Warna tanah ini kemerahan sampai coklat. Tanah jenis ini meski kurang subur namun
cocok untuk tanaman palawija, jati, tembakau, dan jambu mete.

h. Tanah Pasir

Tanah pasir adalah tanah yang bersifat kurang baik bagi pertanian yang terbentuk dari batuan
beku serta batuan sedimen yang memiliki butir kasar dan berkerikil.
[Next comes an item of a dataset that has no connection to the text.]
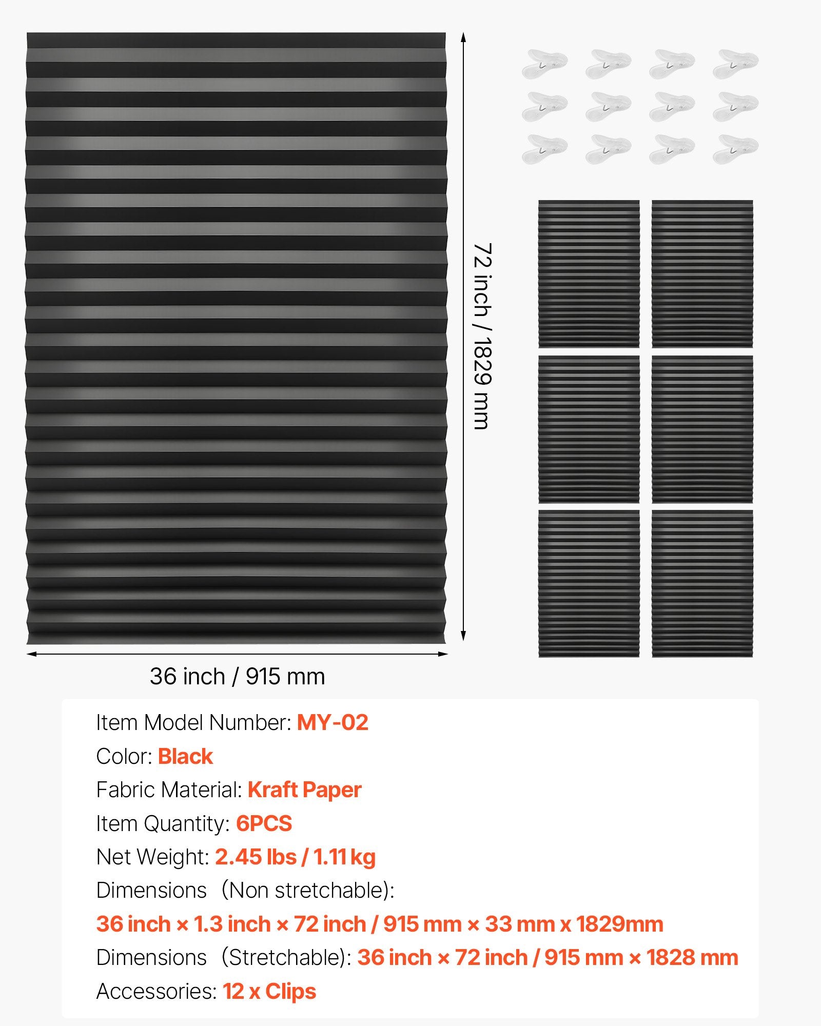 Paper Blinds, 6 Pack, 36 in x 72 in, Temporary Blackout Pleated Paper Shades, No Tools No Drilling, Pleated Blinds with Adhesive, Easy to Cut and install, for Indoor Windows, Kitchen, Bedroom

Sepertinya jenis tanah ini
dijumpai di mana-mana

III.KESIMPULAN DAN SARAN

Kesimpulan

Dari makalah tersebut dapat disimpulkan bahwa :

a) Tanah Alfisol memiliki persentase kadar air yang cukup besar yaitu sebesar 0,42%.
b) Faktor-faktor yang mempengaruhi banyaknya kadar air dalam tanah adalah banyaknya
curah hujan atau air irigasi, kemampuan tanah menahan air, besarnya evapotranspirasi
(penguapan langsung melalui tanah dan melalui vegetasi), tingginya muka air tanah, kadar
bahan organik tanah, senyawa kimiawi atau kandungan garam-garam, dan kedalaman solum
tanah atau lapisan tanah.

Saran

Untuk menentukan kandungan air tanah lebih mudah digunakan metode volumetric, asalkan
kita memiliki sampel tanah utuh dari suatu jenis tanah.